Я смотрела на него, удивленная энтузиазмом в его голосе. В этот раз он звучал не отталкивающе.
— Действительно, все.
— Точно. Новые мысли витают в воздухе, новые открытия делаются каждый день. Интересно быть частью этого, — энтузиазм угас, и он добавил. — Насколько это позволяет наша борьба со Скаргрейвом, — он взял ручку и склонился над столом.
Я коснулась свертка алой ткани в лодке.
— Это шелк? С ним вы тоже делаете эксперименты?
В этот раз он не отрывался от работы.
— Ты всегда задаешь так много вопросов?
— Ты бы на моем месте молчал?
К моему удивлению, Нат задумался над вопросом.
— Думаю, нет, — он отложил ручку, пытаясь проявить больше терпения, чем прошлой ночью. — Ладно, спрашивай.
— Для чего вам шелк? — спросила я.
— Мы растворяли немного в кислоте, когда изучали цвет. Но чаще он служит фоном для гравюр.
— Гравюр?
— Мы торгуем гравюрами. Ими и часами, если точнее. Но часовщики нынче не в почете, так что об этом мы не кричим.
— Это из-за Опустошения?
— Да, — Нат покрутил ручку. — После того, как тенегримы нашли виновников, часовщикам приказали закрыть магазины, боясь, что там будут мятежники. Всех, кого подозревали в связи с тем часовщиком, уводили на допрос. Этого мы избежали, ведь не имели с ними дел. Но даже если связи нет, нужно просить у Скаргрейва разрешения открыть заново дело. Доктор Пенебригг решил просто закрыть магазин и переехал сюда.
— Но он оставил часы, — сказала я, слушая их тиканье.
— Да. И он научил меня работать с ними. Но на хлеб нынче мы зарабатываем, в основном, гравюрами, — он что-то записал. — А теперь мне нужно работать.
Он работал над гравюрой? Я шагнула вперед и посмотрела на наклоненный стол с другого конца. Он писал на обычном листке бумаги, лежащем рядом с книгой. Было видно край обложки книги, и она была цвета темного мха.

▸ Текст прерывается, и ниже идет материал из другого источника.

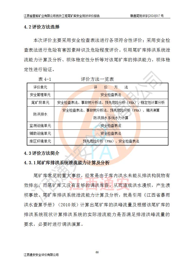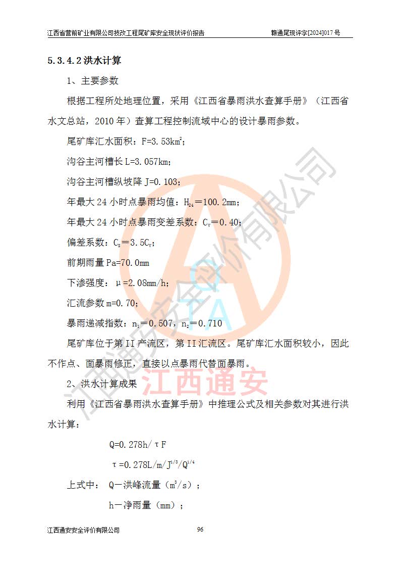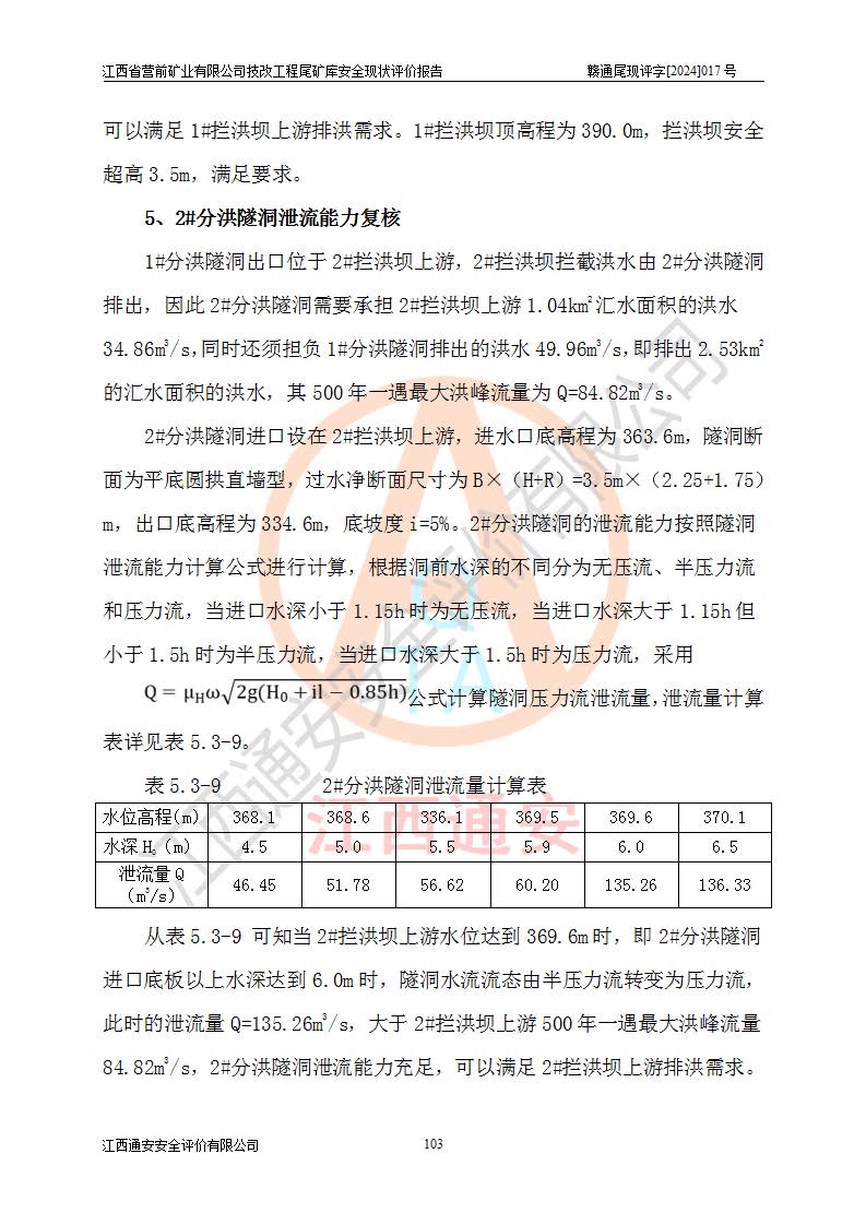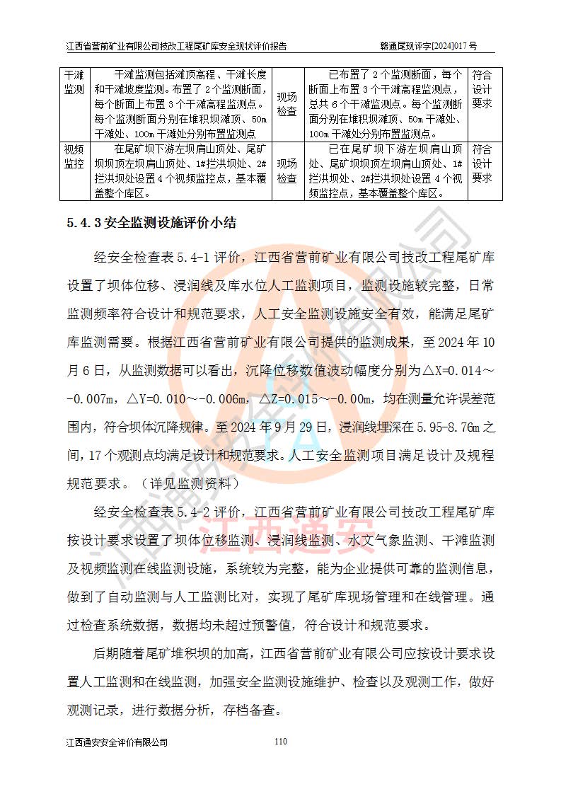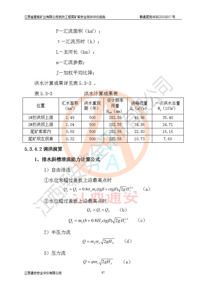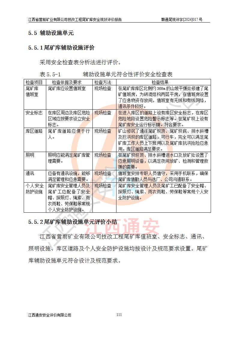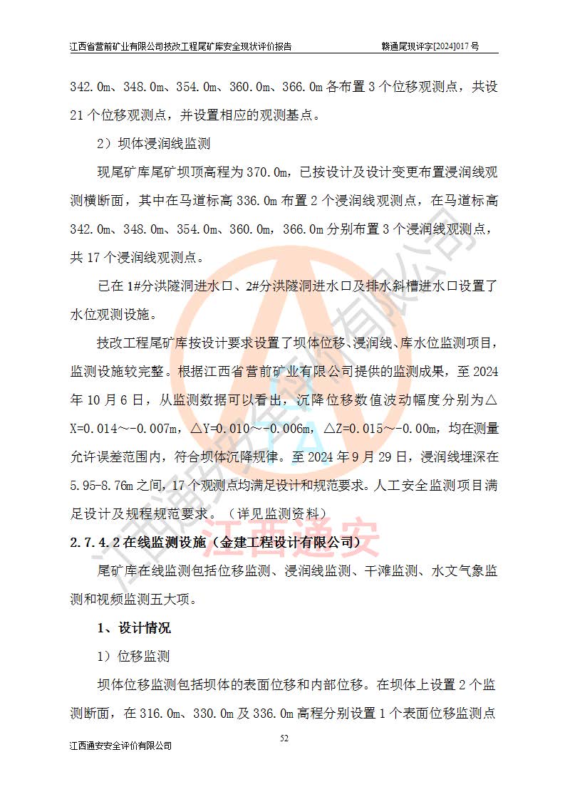 江西省營(yíng)前礦業(yè)有限公司于2003年12月16日成立,位于贛州市上猶縣營(yíng)前鎮(zhèn)焦里村境內(nèi),公司注冊(cè)資本10000萬元,法定**人陳雅博,礦區(qū)地理坐標(biāo):東經(jīng)114°18′30″~114°19′00″,北緯25°52′35″~25°53′47″。公司經(jīng)營(yíng)范圍包括:鉛礦、鋅、鎢、銀地下開采、銷售。 江西省營(yíng)前礦業(yè)有限公司技改工程尾礦庫位于焦里鎢銀鉛鋅礦區(qū),處于上猶縣水巖鄉(xiāng)井子村坑尾自然村境內(nèi),山谷型尾礦庫,溝谷呈“V”字形展布,技改工程尾礦庫原由福建省冶金工業(yè)設(shè)計(jì)院設(shè)計(jì),后由金建工程設(shè)計(jì)有限公司對(duì)該尾礦庫進(jìn)行了加高擴(kuò)容設(shè)計(jì),加高擴(kuò)容后總庫容503.14萬m3,壩高75.0m,為三等庫。尾礦庫主要由尾礦壩、庫外分洪系統(tǒng)(1#攔洪壩--1#分洪隧洞和2#攔洪壩--2#分洪隧洞--排水陡槽--消力池),庫內(nèi)排洪排水系統(tǒng)(排水斜槽—連接井—排水涵洞—排水隧洞—排水陡槽—消力池)等組成,尾礦壩壩型為初期壩+上游式堆積壩。 江西省營(yíng)前礦業(yè)有限公司技改工程尾礦庫于2021年12月30日取得江西省應(yīng)急管理廳版發(fā)的安全生產(chǎn)許可證,證書編號(hào)(贛)FM安許證字(2016)M1692號(hào),有限期從2022年1月18日到2025年1月17日,為三年期。依照《非煤礦礦山企業(yè)安全生產(chǎn)許可證延期換證工作》的通知,根據(jù)***《安全生產(chǎn)許可證條例》、《江西省安全生產(chǎn)條例》、《非煤礦山安全生產(chǎn)許可證實(shí)施辦法》、《江西省非煤礦礦山企業(yè)安全生產(chǎn)許可證辦法》規(guī)定的要求,受江西省營(yíng)前礦業(yè)有限公司委托,我公司承擔(dān)了技改工程尾礦庫延期換證安全現(xiàn)狀評(píng)價(jià)工作。 |

— Книга из библиотеки? — догадалась я.
Ручка Ната замерла.
— А ты ничего не упускаешь, да?
— Что там? — я посмотрела на перевернутый текст. — Такое я читать не умею.
— Это на латыни.
— Зачем ты ее украл? — спросила я.
— Пока что слишком сложно объяснить, — Нат оторвал взгляд от работы и указал на дальний конец комнаты. — Я говорил, что на том столе еда? Я свою долю съел, как и доктор Пенебригг, так что ешь, сколько душе угодно.
Он пытался меня так отвлечь, я понимала. Но я проголодалась, так что решила пока что оставить расспросы. На столе среди стамесок, гвоздей, кусков металла я нашла корзинку с булочками и кусок сыра. Еда была хорошей, и когда я закончила с ней, я была готова снова слушать ответы Ната.
По пути к его столу я остановилась у сложного прибора, сделанного из медных трубок и стеклышек.
— Что это?
Нат бегло взглянул.
— Микроскоп.
Слово ничего мне не объяснило. Я склонилась ближе.
Теперь уже он посмотрел на меня.
— Осторожно! — предупредил он. — Его долго пришлось собирать.
— Ты его сделал? — я посмотрела на трубки с новым интересом. — Для чего он?
— Чтобы смотреть на мелкие вещи. Если все настроить, муха выглядит огромной, как овца.
Я была поражена.
— Но это невозможно.
— Так же невозможно, как твоя магия, — фыркнул Нат. — Но для этого требуются труд и терпение, а не пара спетых нот.
Он посмотрел на меня с презрением, и я отпрянула от силы его взгляда. Моя решимость спрашивать его рассеялась.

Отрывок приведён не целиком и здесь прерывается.